杨春儿在一旁冷嘲热讽:“哟,东西都收拾得这么利索,连嫁妆箱子都打包好了,看来你早就是做贼心虚,准备跑路了吧?”
杨春儿目光一闪,对丫鬟柳黄吩咐:“打开看看,她有没有夹带什么贵重首饰?”
池嫽今日所受屈辱已经够多了,立刻喝止:“慢着!如今我和你弟已经和离,我的东西你无权搜查!”
杨春儿被她这一喝吓住了,一时间不敢轻举妄动。
池嫽垂下头不看任何人,低声说:“这些年你送我的贵重首饰,都在妆匣里放着,我一件也没带走。”说着,她连头上来不及卸下的发饰也一并拆下,交在柳黄的手里。
她顶着光秃秃的发髻出门自然很难看,想带走旧时的那枚钗子,可那东西早在多年前就已腐烂。
岁月变迁,连钗子都能腐化,人心人性何尝不是如此,早已沧海桑田。
池嫽对青蛾说:“我们走。”
杨春儿依旧不依不饶:“你的私物我可以不看,但那些嫁妆箱子必须拆开检查!我怀疑你把那五万两银子的银票藏在里面了!”
池嫽脚步一顿,冷声道:“可惜我的箱子已贴了封条,不容你放肆。”
“这里是我家,我就放肆又如何?”杨春儿想起丈夫曾和池嫽共处一室,醋意上涌,吩咐让丫鬟去开箱。
这时杨濂终于出声阻止:“不必检查了,放她走。”随即命人打开中门,将十口箱子搬上马车送走。
五万两银子罢了,既然她要贪,就给她,就当安顿下半生的费用。
从此以后,他们两清了。
池嫽平时出门习惯坐轿子,可此时哪有给她准备的?只能步行。
她从马车上解下一匹马,套上马鞍,回头望了一眼那些嫁妆,没有一样值得留恋。
池嫽翻身上马,一路策马狂奔,冲出了杨家。
春夜湿润的晚风如往事扑面而至,俄顷,星子般的雨点敲打在池嫽的脸上。
池嫽从回忆的苦海里探出头来,发觉四周早已变换了景致,眼前不是精幽华贵的尚书府,而是一座群山簇拥的高峰拔地而起,在她的脚下赫然挺立。

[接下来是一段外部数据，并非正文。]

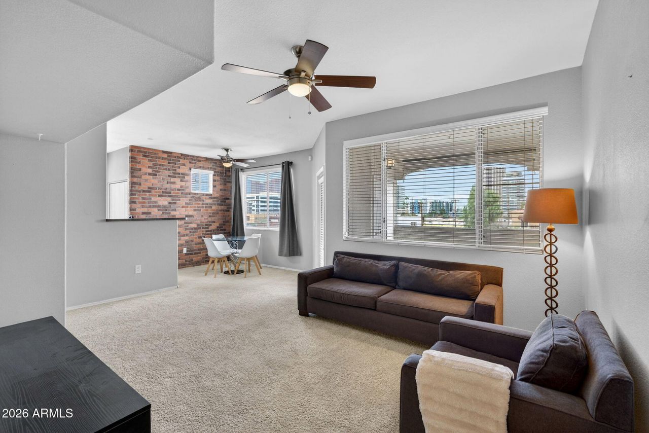 Welcome to effortless urban living in the gated Brick Commons community, ideally located in the heart of Midtown Phoenix.This well-maintained two-bedroom condo offers the perfect blend of comfort, convenience, and resort-style amenities without the congestion of Downtown or the longer commute from Uptown. The desirable split-bedroom floor plan features two true primary suites, each with its own full bathroom and walk-in closet, making it ideal for roommates, professionals, or those seeking added privacy.The open-concept living space flows seamlessly to a private balcony with city views, complete with an attached storage room perfect for relaxing or entertaining. Recent upgrades provide peace of mind, including a 2-year-old AC, newer water heater, new microwave, and a newer washer and dryer, making this home truly move-in ready.Residents of Brick Commons enjoy an impressive array of resort-style amenities, including a heated pool and spa, ramada and BBQ areas, and a clubhouse featuring a fitness center, putting green, billiards room, private cinema, and business center.The location is hard to beat, just minutes from multiple hospitals and medical campuses, ASUs Downtown campus, Phoenix College, dining, nightlife, shopping, golf, sports venues, public transit, and major freeways. This home is an exceptional opportunity for healthcare professionals, students, faculty, or anyone seeking smart, low-maintenance living in one of Phoenixs most connected neighborhoods.Midtown living at its best!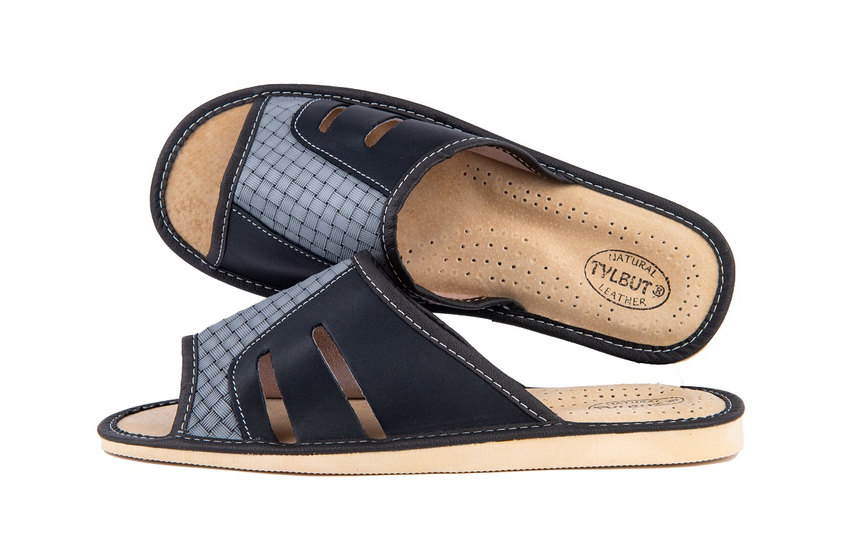 Odkryte tłoczone pantofle męskie- oryginalny styl wyrażony przez tłoczenie inspirowane motywem geometrycznym. Kapcie wykonane z wysoko gatunkowej skóry naturalnej czyniąc je zarówno wytrzymałe jak również eleganckie.

池嫽勒住缰绳,奔驰的马蹄在险峻的山道上慢了下来,从她的视线俯瞰而下,满目皆是郁郁苍苍的山林。
这里是鱼背山,她永远都不会忘记的一处风景。
初时杨濂家境贫寒,池嫽是小吏之家的出身,带了十只嫁妆箱子过来,没多久就用尽了,池嫽自幼学得一手栩栩如生的刺绣本事,日夜刺绣贴补家用,日子贫苦极了。
杨濂虽有才华,却无钱打点人脉,科考之路磕磕绊绊。有位大官人听说鱼背山谷景色绝佳,高价求一件山谷图的绣品,只是传闻鱼背山谷有野狼出没,无人敢去采风。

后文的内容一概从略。